> **ASSIGNMENT**: Whenever a line in the records below contains "with", pick it out.
---
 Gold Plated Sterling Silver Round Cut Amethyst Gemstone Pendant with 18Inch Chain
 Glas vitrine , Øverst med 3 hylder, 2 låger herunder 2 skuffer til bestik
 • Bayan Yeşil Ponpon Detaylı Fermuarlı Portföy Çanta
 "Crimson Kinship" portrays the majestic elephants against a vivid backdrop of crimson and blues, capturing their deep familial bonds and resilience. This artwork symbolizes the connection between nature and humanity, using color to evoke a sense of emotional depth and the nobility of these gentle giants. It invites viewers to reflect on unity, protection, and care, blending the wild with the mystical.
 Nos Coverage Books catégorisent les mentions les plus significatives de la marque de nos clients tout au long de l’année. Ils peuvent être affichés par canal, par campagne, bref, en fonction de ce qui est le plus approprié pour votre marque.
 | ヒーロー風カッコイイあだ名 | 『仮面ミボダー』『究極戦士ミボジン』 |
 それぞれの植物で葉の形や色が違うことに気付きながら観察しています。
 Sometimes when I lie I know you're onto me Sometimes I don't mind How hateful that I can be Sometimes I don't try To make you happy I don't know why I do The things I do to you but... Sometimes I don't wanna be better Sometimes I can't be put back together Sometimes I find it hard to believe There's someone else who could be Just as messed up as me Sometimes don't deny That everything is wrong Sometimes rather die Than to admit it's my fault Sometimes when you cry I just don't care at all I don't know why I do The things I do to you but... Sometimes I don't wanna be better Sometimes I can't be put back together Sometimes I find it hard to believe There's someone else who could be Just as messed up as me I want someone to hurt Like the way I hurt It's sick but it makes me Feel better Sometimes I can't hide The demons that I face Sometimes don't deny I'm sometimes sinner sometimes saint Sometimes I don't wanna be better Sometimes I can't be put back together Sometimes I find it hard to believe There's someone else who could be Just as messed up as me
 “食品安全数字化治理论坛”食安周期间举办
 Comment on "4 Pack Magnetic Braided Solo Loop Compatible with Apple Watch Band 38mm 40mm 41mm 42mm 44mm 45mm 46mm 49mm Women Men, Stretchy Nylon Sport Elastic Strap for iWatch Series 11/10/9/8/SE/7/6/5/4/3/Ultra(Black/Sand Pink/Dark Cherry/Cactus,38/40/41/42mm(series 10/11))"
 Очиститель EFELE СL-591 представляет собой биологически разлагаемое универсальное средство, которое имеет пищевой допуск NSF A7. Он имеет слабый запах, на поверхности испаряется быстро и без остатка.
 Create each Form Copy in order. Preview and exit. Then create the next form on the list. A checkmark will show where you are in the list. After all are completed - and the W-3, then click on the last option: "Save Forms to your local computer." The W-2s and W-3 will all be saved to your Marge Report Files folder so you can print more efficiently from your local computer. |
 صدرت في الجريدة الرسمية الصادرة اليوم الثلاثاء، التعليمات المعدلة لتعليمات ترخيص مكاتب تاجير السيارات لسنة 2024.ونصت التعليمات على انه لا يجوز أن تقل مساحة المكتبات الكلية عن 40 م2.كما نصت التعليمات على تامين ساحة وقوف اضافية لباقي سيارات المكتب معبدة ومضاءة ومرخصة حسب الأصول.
---
> **EXERCISE SOLUTION**:
 Gold Plated Sterling Silver Round Cut Amethyst Gemstone Pendant with 18Inch Chain
 "Crimson Kinship" portrays the majestic elephants against a vivid backdrop of crimson and blues, capturing their deep familial bonds and resilience. This artwork symbolizes the connection between nature and humanity, using color to evoke a sense of emotional depth and the nobility of these gentle giants. It invites viewers to reflect on unity, protection, and care, blending the wild with the mystical.
 Comment on "4 Pack Magnetic Braided Solo Loop Compatible with Apple Watch Band 38mm 40mm 41mm 42mm 44mm 45mm 46mm 49mm Women Men, Stretchy Nylon Sport Elastic Strap for iWatch Series 11/10/9/8/SE/7/6/5/4/3/Ultra(Black/Sand Pink/Dark Cherry/Cactus,38/40/41/42mm(series 10/11))"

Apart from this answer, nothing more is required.